+++ SUPPLIED DATA

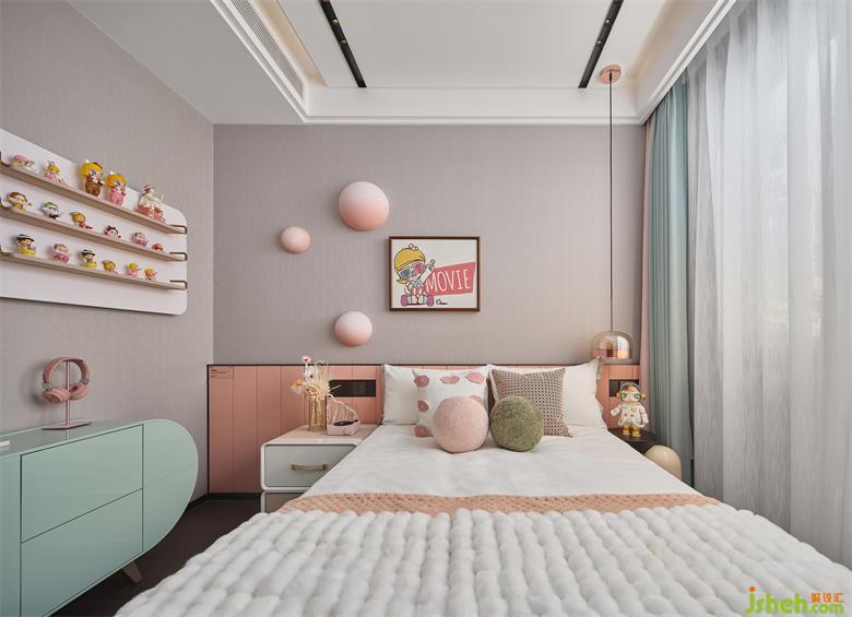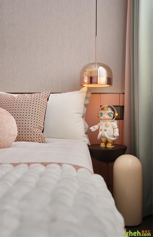 女孩的臥室采用淺粉色為主調(diào),墻壁的油漆肌理隱約展露出揮揮灑灑的設(shè)計(jì)手法。以此凸顯孩童純真的個(gè)性與美好向往。
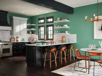 Il est recommandé de peindre les surfaces soumises au nettoyage humide (dans les lieux publics ou dans la cuisine) avec des composés de latex. Même après plusieurs années d’utilisation active, ils conservent la perméabilité à la vapeur, la résistance à l’humidité et un aspect attrayant. Dans les pièces caractérisées par une humidité élevée (cuisines, salles de bains, installations de lavage et piscines, maisons de bâtiments anciens), il est préférable de peindre les murs et les plafonds avec des composés de silicate. S'il est nécessaire de protéger les surfaces contre les moisissures et les champignons, elles doivent être en silicone.
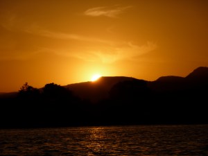 “Yoohoo. Hello there. Be sure to come for before-dinner-cocktails with us at 7 o’clock,” Maharaja’s niece-in-law calls up to us as she walks along the lakeside path below and waves.
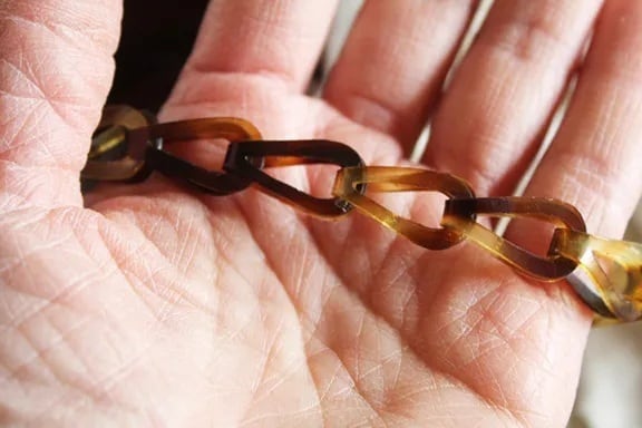 チェーン(セルロイド)のデザインが結にーくで生地と合っています。

++++++

Please output the material as written, apart from the images.

● **YOUR SOLUTION**
 女孩的臥室采用淺粉色為主調(diào),墻壁的油漆肌理隱約展露出揮揮灑灑的設(shè)計(jì)手法。以此凸顯孩童純真的個(gè)性與美好向往。
 Il est recommandé de peindre les surfaces soumises au nettoyage humide (dans les lieux publics ou dans la cuisine) avec des composés de latex. Même après plusieurs années d’utilisation active, ils conservent la perméabilité à la vapeur, la résistance à l’humidité et un aspect attrayant. Dans les pièces caractérisées par une humidité élevée (cuisines, salles de bains, installations de lavage et piscines, maisons de bâtiments anciens), il est préférable de peindre les murs et les plafonds avec des composés de silicate. S'il est nécessaire de protéger les surfaces contre les moisissures et les champignons, elles doivent être en silicone.
 “Yoohoo. Hello there. Be sure to come for before-dinner-cocktails with us at 7 o’clock,” Maharaja’s niece-in-law calls up to us as she walks along the lakeside path below and waves.
 チェーン(セルロイド)のデザインが結にーくで生地と合っています。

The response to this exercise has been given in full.